Energy input, habitat heterogeneity, and host specificity on avian haemosporidian diversity at continental scales

The correct identification of biotic and abiotic drivers affecting parasite diversity and assemblage composition at different spatial scales is crucial for understanding how pathogen distribution responds to anthropogenic disturbance and climate change. Here, we used a database of avian haemosporidian parasites to identify such drivers and their effect on the taxonomic and phylogenetic diversity of genera Plasmodium, Haemoproteus, and Leucocytozoon from three zoogeographic regions. We explored how parasite diversity is related to energy input (i.e., temperature, precipitation, and potential evapotranspiration [PET]), to habitat heterogeneity (i.e., climatic seasonality, vegetation density, ecosystem heterogeneity, human disturbance, and host richness), and to a novel assemblage-level metric related to parasite niche overlap (degree of generalism).

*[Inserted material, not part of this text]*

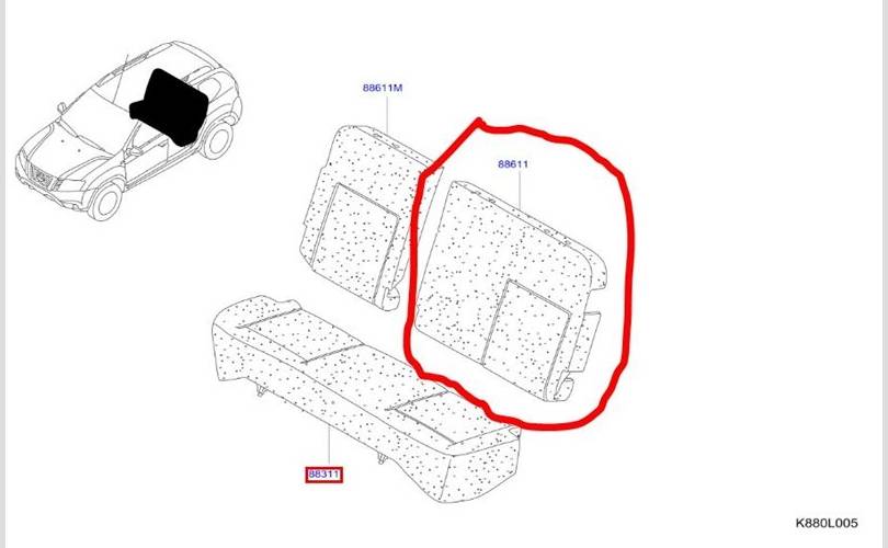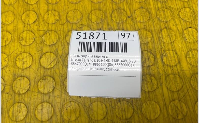 Часть сидения Nissan Terrano 2022 8867000Q1M D10 H4MD 438P160913, задний левый

We found that the relative importance of the predictors differed between the three studied parasite genera and across diversity metrics. Among the most consistent predictors, host richness was positively related to the taxonomic diversity of the three genera. Energy input and human footprint explained the phylogenetic diversity of Haemoproteus. Finally, the degree of generalism explained the diversity of Plasmodium and Leucocytozoon. Our results suggest that different dimensions of haemosporidian diversity are shaped by energy input, host heterogeneity, and assembly processes related to parasite resource use within local parasite assemblages.